Synopsis: ARPES with Cold Atoms

A numerical study outlines how to perform measurements on cold atoms that mimic angle-resolved photoemission spectroscopy studies of solids.
Synopsis figure
A. Bohrdt et al., Phys. Rev. B (2018)

The atoms in a gas are normally easier to manipulate than the electrons in a solid, which is why physicists often use ultracold gases as analogs of condensed-matter systems. To probe these ultracold gases, a numerical study proposes using an analog of a condensed-matter experimental technique, called angle-resolved photoemission spectroscopy, or ARPES. If realized, such ARPES-like experiments would provide detailed spectra of the atoms in an ultracold gas. The approach could also provide a new avenue for exploring the physics underlying high-temperature superconductors.

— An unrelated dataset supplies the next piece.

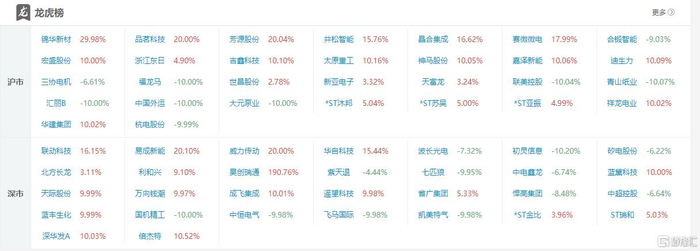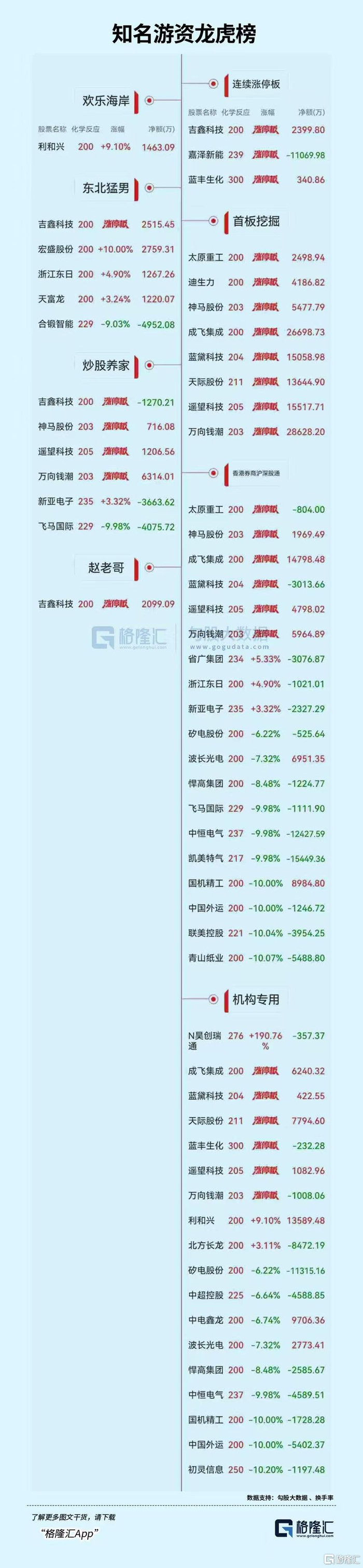 龙虎榜中涉及机构专用席位的个股中,当日净买入额前三为中电鑫龙、华自科技、利和兴,分别为9706.36万元、8089.64万元、6794.74万元。

ARPES is a common tool for investigating strongly correlated electrons in solids, such as topological materials and superconductors. The method uses a beam of light to kick out electrons whose momentum and energy are then measured. The spectrum of these photoemitted electrons reveals information about the electronic band structure in the material.

Annabelle Bohrdt from the Technical University of Munich in Germany and her colleagues envisaged ARPES-like measurements in the framework of quantum gas microscopy. The team’s proposed setup is a 1D optical lattice holding a chain of ultracold atoms. A tunable modulation to the lattice’s optical fields excites one atom from this 1D gas, causing it to be kicked into an adjacent “detection” lattice that is initially empty. The authors show how the momentum of this “photoemitted” atom can be measured by essentially letting it rattle around inside the detection lattice. In numerical simulations, the team generated an ARPES-like spectrum by varying the excitation energy for the kicked-out atoms. This technique could potentially be used to study quantum correlations among atoms that ​have been prepared to simulate ​a ​particular condensed-matter model. One such model might be the Fermi-Hubbard model, which is thought to be relevant to superconductivity.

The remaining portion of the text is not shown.